Vista is so wonderful...

S

Stephan Rose

....that it can't even handle my Music collection. I'll explain.

First off, I don't like using lossy compression. So, MP3 is out of the
picture.

Secondly, I don't like proprietary operating-system dependent file
formats for my data. So Windows Media format is out of the question.

Luckily there is an easy solution and it's called flac. Not restricted to
Windows and it's a lossless format. Perfect.

Now, can Windows Media Player handle flac? Of course not. There are some
3rd party plugins supposedly that are supposed to add the capability but
I've yet to find one that actually WORKS!

Now why am I even bothering with Windows Media Player? I have a sansa
E260 MP3 player (Got it for my birthday last month) that uses MTP as a
protocol and I'm looking for something useful to sync with it. More on
that later.

So luckily Ubuntu has a lovely utility to convert all my files, including
all my tags, to MP3 files. Works flawlessly. Two hours later, I have a
complete copy of my library in MP3 format. Hopefully Windows Media player
will be able to handle THAT!

Well...erm...no, it can't. I mean it can play back the files, but it
can't deal with my tags. My entire collection is in Japanese and so are
most of the tags. They just come out as garbage under windows media
player. My MP3 player supports the tags fine though so there is nothing
wrong with the tags.

So why am I bothering converting my files to MP3 so that I can load them
in WMP and sync to my device? Well quite frankly, at this moment, Windows
does have the better support for MTP. It's Microsoft's own protocol after
all and support under the current Beta version of Ubuntu is somewhat
flaky. I've submitted bug reports but that obviously does me little good
now. Though hopefully they'll be fixed by release time.

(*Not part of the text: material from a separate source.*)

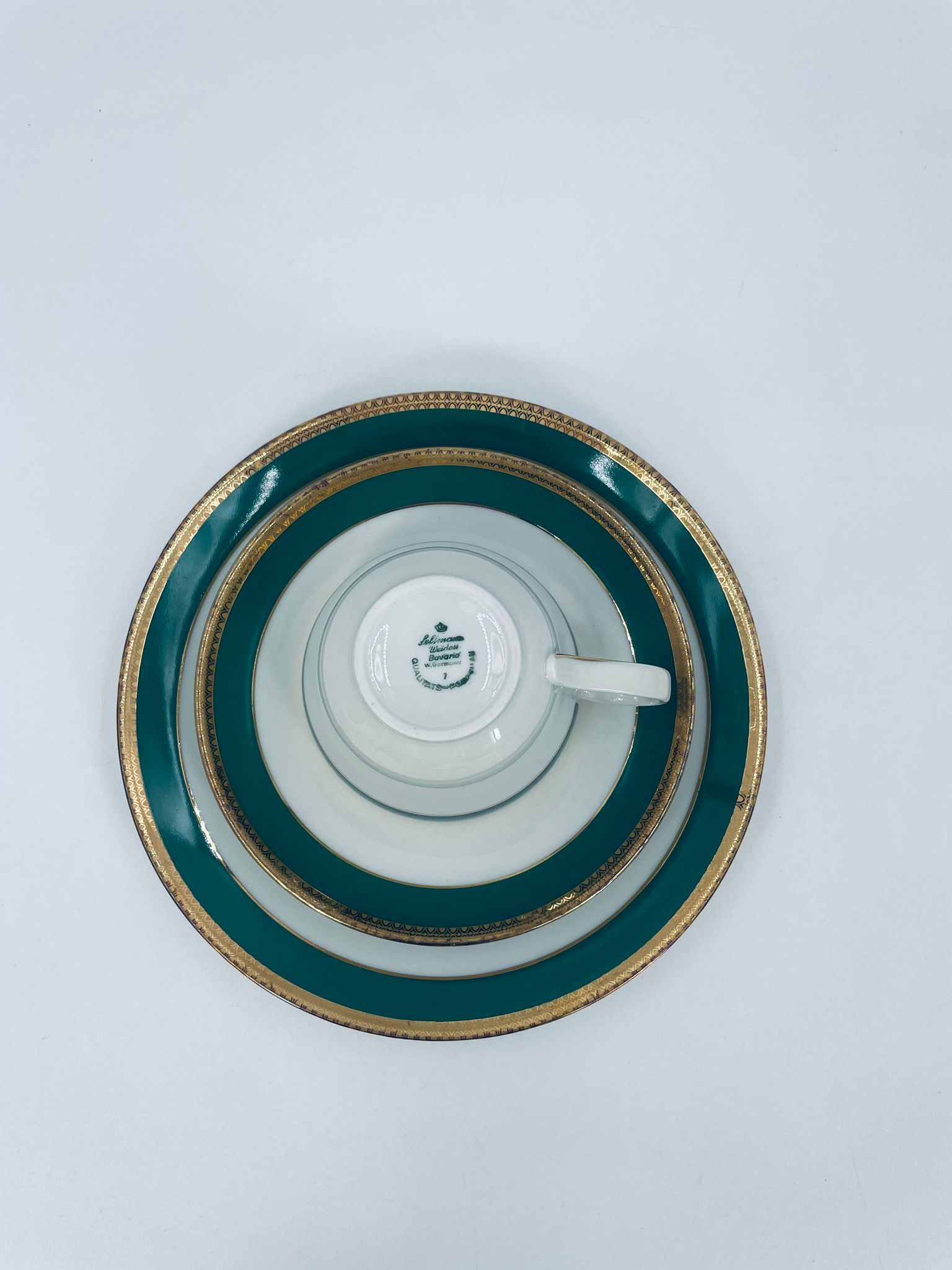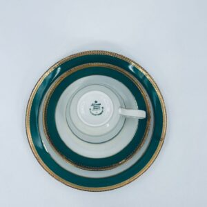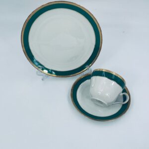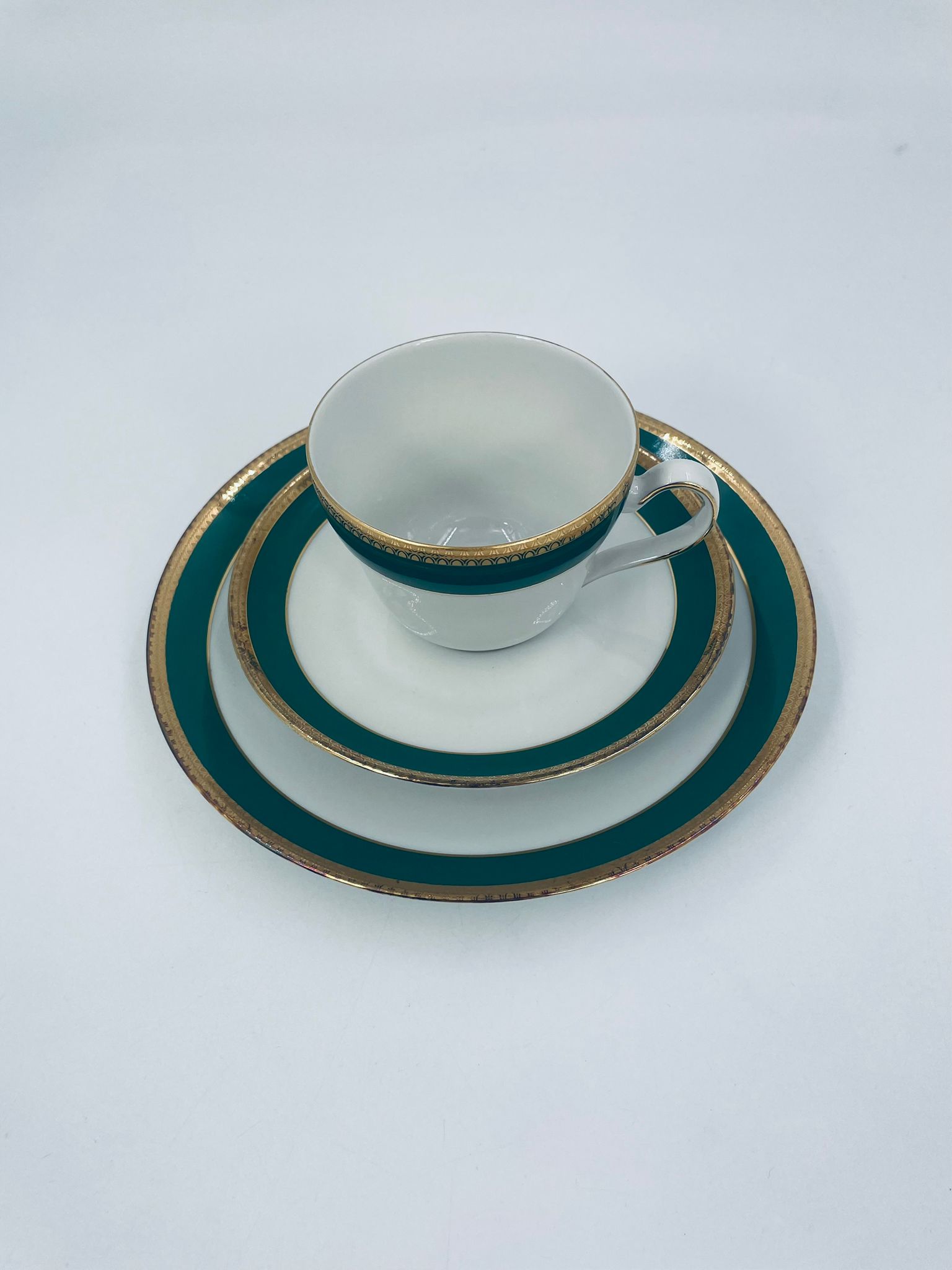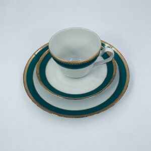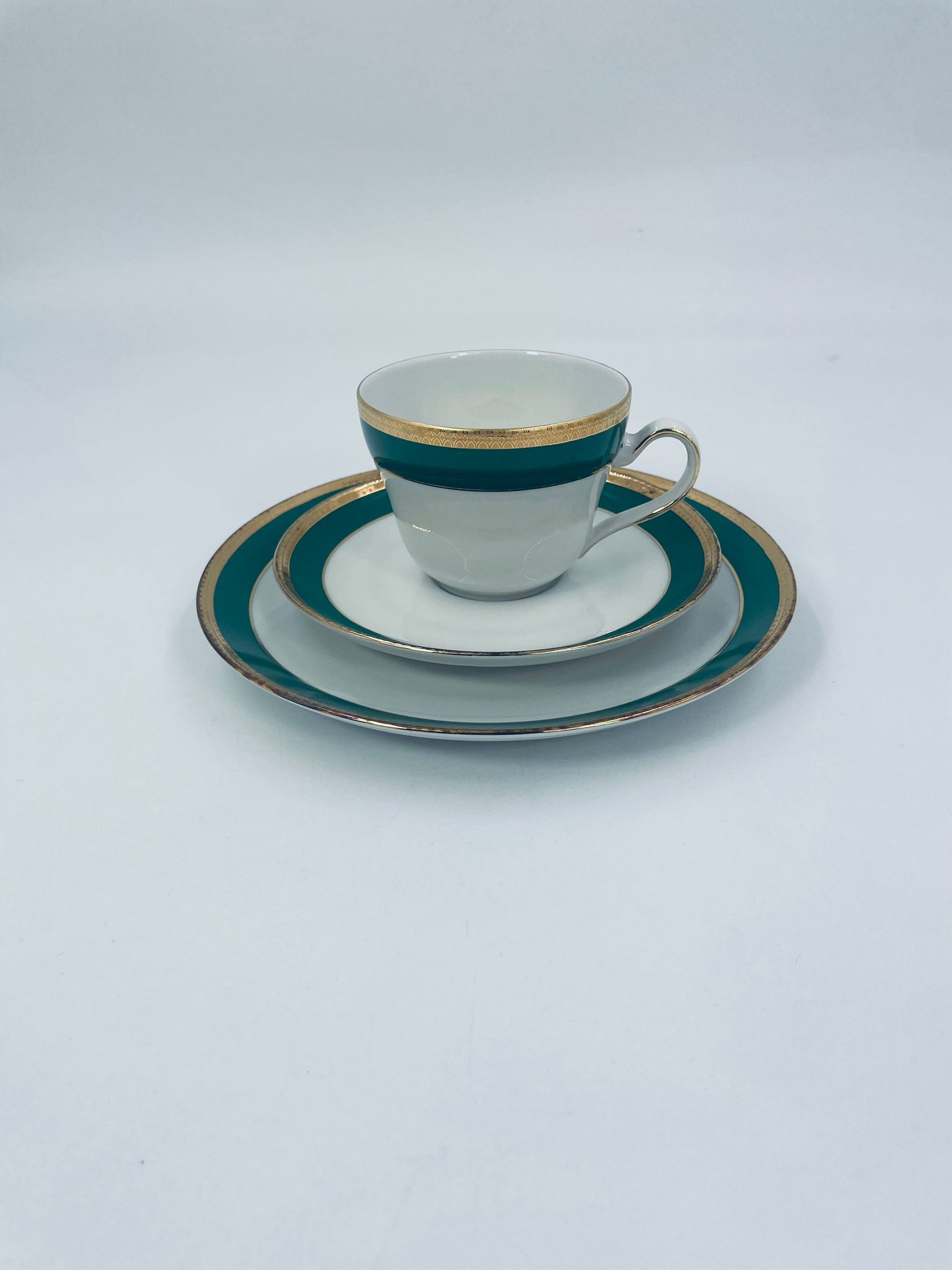 Filiżanka w zestawie trio wytwórni Seltmann Weiden. Porcelana w kolorze białym, wykończona kolorem zielonym oraz złoceniami z wzorem.

So on one hand, I have an OS that can handle MTP without a problem but
can't do shit with my music. And on the other hand I have I have an OS
that can handle my music without a problem, but has problems with the
device.

Lovely!

So on that note, if anyone has any bright ideas, I'm all ears. I
currently don't care if the solution is Linux or Windows...I just care
for a solution.

I've though of just putting the device into Mass Storage mode and
manually copying the mp3's onto the device...but too many file names
conflict with what FAT32 allows and no, I'm not manually renaming them
all. There too I was hoping WMP would just automatically convert the file
names to something FAT32 can handle (though I have no clue if it actually
does / doesn't as I have yet to get that far).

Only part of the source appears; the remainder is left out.